The judgment entered in such a proceeding shall foreclose the lien and order the sale of the property subject to that lien. In order to determine what court is a court of competent jurisdiction, you must determine what court has jurisdiction and venue of a suit to foreclose a mechanic's and materialman's lien.
Basically, Texas has three types of Courts that hear and determine lawsuits filed by individuals. These three types of Courts are district courts, statutory county courts and justice courts. The jurisdiction of the various courts in the State of Texas is determined by the amount in controversy and the subject matter involved. Article 5, Section 8 of the Constitution of the State of Texas grants to the district courts of this state exclusive, original, and appellate jurisdiction of all actions except those where the original, exclusive or appellate jurisdiction has been conferred by the legislature on another court. The legislature of the State of Texas, pursuant to Texas Government Code Sec. 26.042, grants to statutory county civil courts at law concurrent jurisdiction with the district courts of civil cases in which the matter in controversy exceeds $500.00, excluding interest, and does not exceed $5,000.00, excluding interest, statutory or punitive damages, penalties, attorneys fees and costs. The legislature, pursuant to Texas Government Code Sec. 26.043, prohibits a statutory county civil court from having jurisdiction in suits involving the following matters:
- For recovery of damages for slander or defamation of character
- For the enforcement of a lien on land (in counties with a population of less than two million persons);
- An escheat suit filed on behalf of the State;
- Forfeiture of a corporate charter;
- Right to property valued at $500.00 or more and levied on under a writ of execution, sequestration, or attachment;
- Eminent domain; and
- Recovery of land
Every county in the State of Texas has a statutory county court and a district court. Some of the smaller counties share district courts. Once a determination is made as to what court has jurisdiction of the suit to foreclose a mechanic's and materialman's lien, a determination must then be made regarding in what county the suit must be brought. Texas Civil Practice & Remedies Code Sec. 15.011 provides that suits for the recovery of real property or an estate or interest in real property, for partition of real property, to remove encumbrances to real property, for recovery of damages to real property, or to quiet title to real property must be brought in the county in which all or a part of the real property is located. This venue is mandatory. As such, a suit to enforce a mechanic's and materialman's lien must be brought in the county in which all or a part of the property that is the subject of the lien is located.

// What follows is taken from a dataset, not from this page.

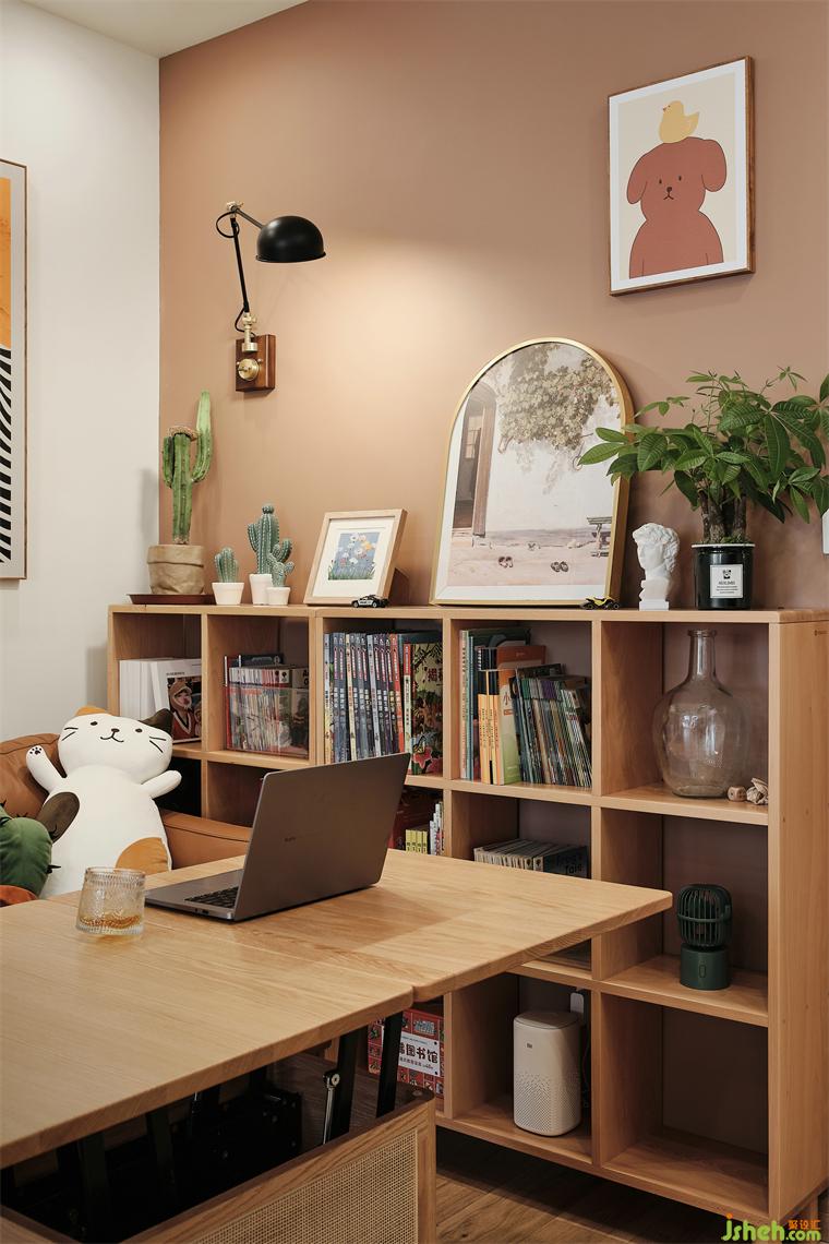把喜欢的小物都带回家,靠墙摆放了一组可自由组合落地架,装修公司可存书,也可摆放绿植鲜花和装饰画。

Contracts Executed Before September 1, 1999
A suit to foreclose a mechanic's and materialman's lien filed against non-residential property must be filed on or before the later of: two (2) years after the date that the affidavit claiming the lien is filed or one (1) year after the completion of the work required by the contract under which the lien is claimed (Texas Property Code Sec. 53.158). A suit to foreclose a mechanic's and materialman's lien against residential property must be brought within one (1) year after the lien affidavit is filed.
Contracts Executed On or After September1, 1999
The 1999 amendments to the Texas Property Code changed the time limitations by which a Claimant must file suit to foreclose a mechanic's and materialman's lien. For original contracts executed on or after September1, 1999, on non-residential construction projects, a claimant must file suit on the lien within two years after the last day the claimant could have filed the lien affidavit under Texas Property Code §53.052 or within one year after completion, termination, or abandonment of the work under the original contract under which the lien is claimed, whichever is later. A suit to foreclose a lien against residential property must be brought within one year after the last day the claimant could have filed a lien affidavit under Texas Property Code §53.052 or within one year after completion, termination, or abandonment of the work under the original contract under which the lien is claimed, whichever is later. Any suit to foreclose a lien not brought within the applicable time period(s) discussed above will be barred. The limitation periods will not affect the applicable limitation periods for other causes of action that a claimant may possess.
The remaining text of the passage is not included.